- [Stored data]
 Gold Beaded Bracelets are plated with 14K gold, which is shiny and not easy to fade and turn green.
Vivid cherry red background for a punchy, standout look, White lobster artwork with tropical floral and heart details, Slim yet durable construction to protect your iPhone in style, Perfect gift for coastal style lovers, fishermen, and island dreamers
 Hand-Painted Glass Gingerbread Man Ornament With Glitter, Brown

==

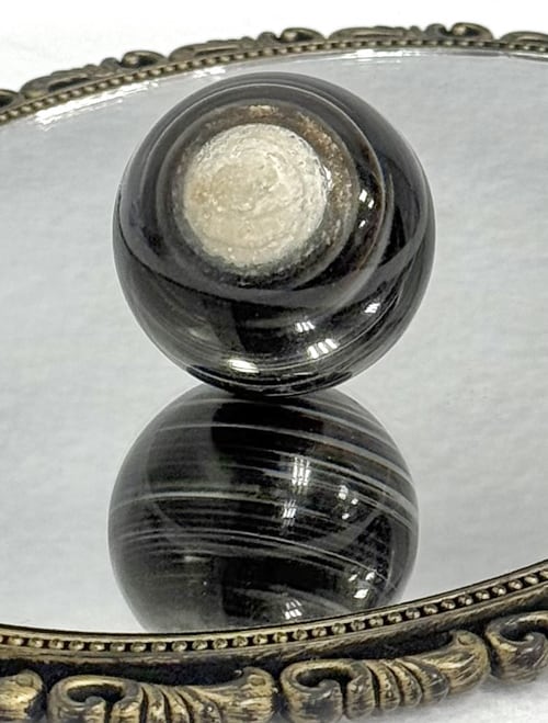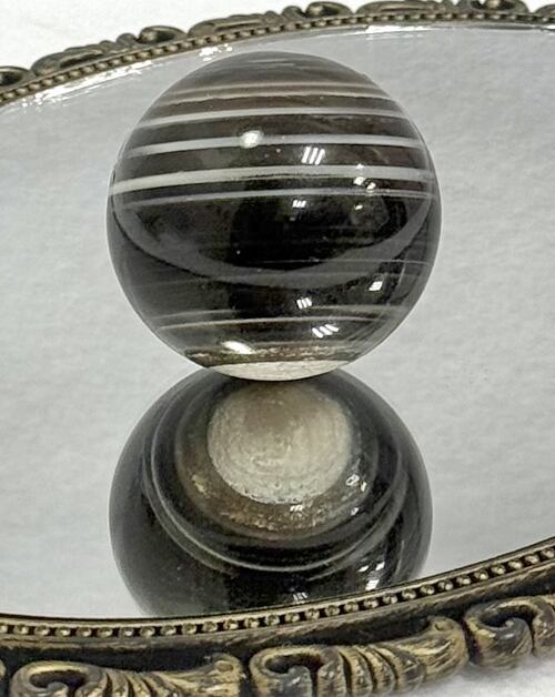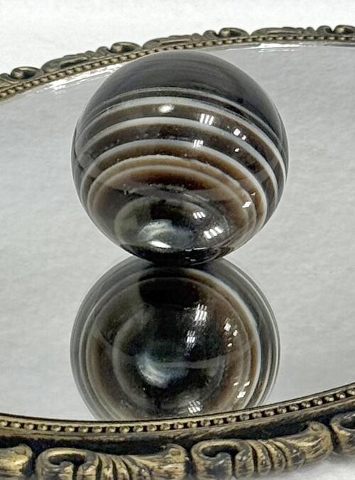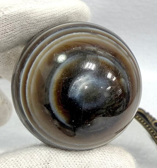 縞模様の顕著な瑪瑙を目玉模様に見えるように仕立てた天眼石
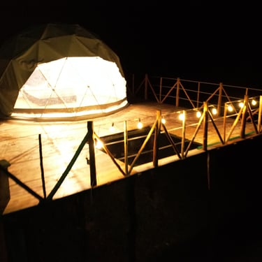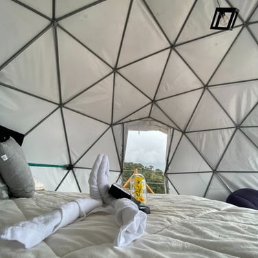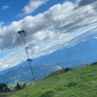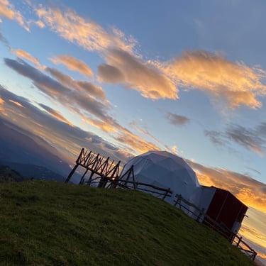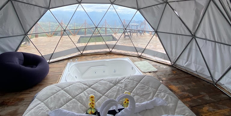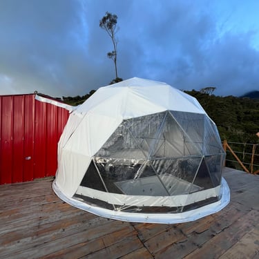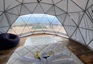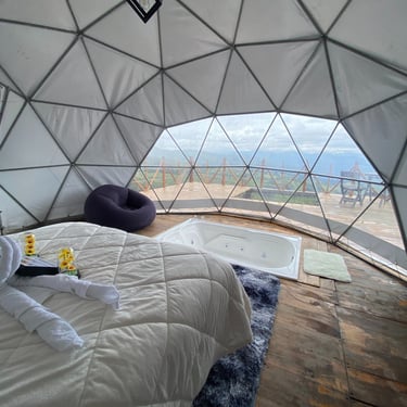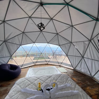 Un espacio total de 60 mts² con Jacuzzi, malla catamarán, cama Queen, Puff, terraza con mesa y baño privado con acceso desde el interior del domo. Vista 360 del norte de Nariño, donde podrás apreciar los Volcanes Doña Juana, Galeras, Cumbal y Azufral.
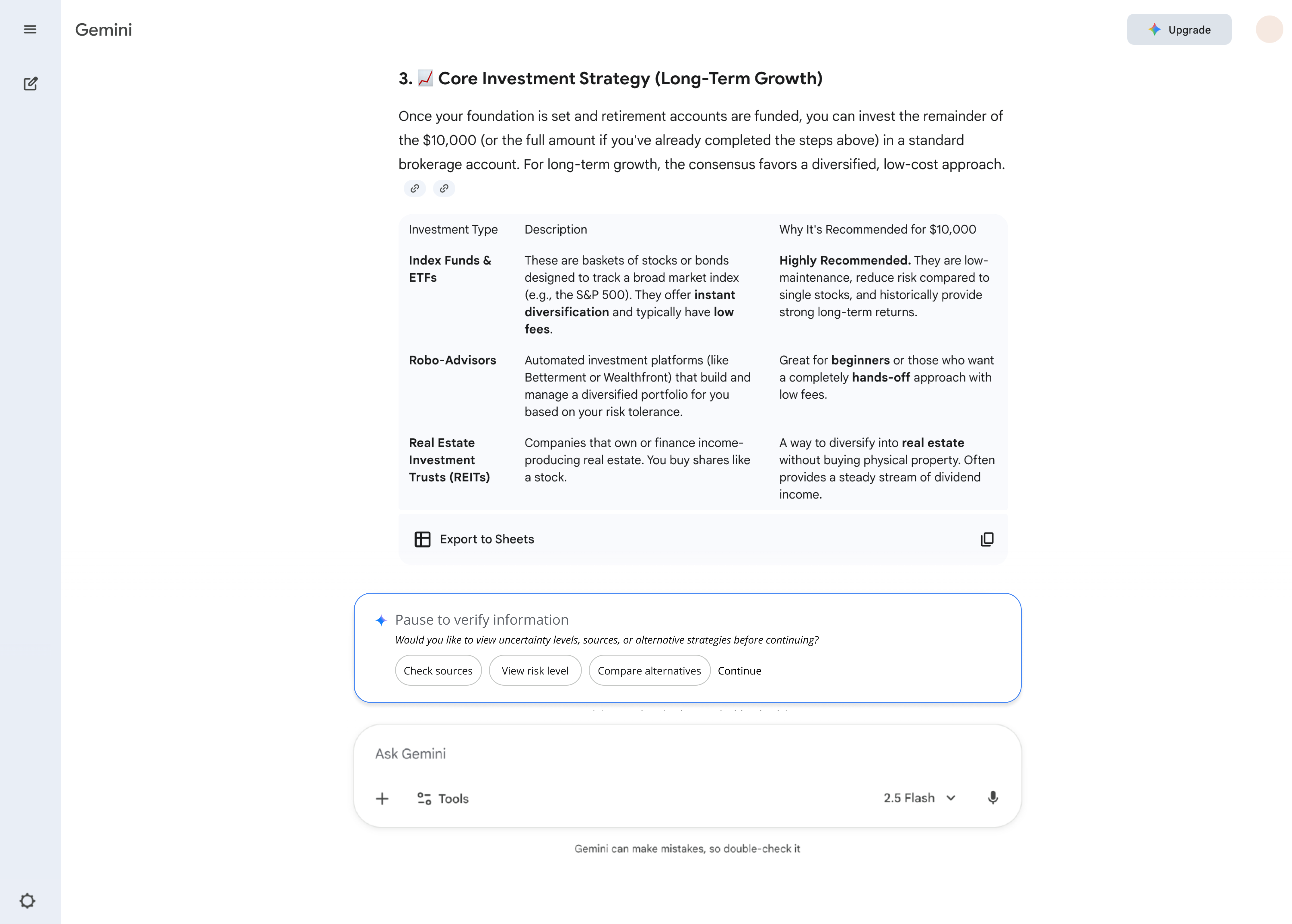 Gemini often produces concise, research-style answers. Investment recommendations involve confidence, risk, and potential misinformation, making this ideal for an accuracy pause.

- [Aim of the exercise] The lines above starting at the one that contains "Vivid cherry red" and ending at the one that contains "Hand-Painted Glass Gingerbread" must be transcribed exactly, and no other lines may appear.

- [Solution to this exercise]
Vivid cherry red background for a punchy, standout look, White lobster artwork with tropical floral and heart details, Slim yet durable construction to protect your iPhone in style, Perfect gift for coastal style lovers, fishermen, and island dreamers
 Hand-Painted Glass Gingerbread Man Ornament With Glitter, Brown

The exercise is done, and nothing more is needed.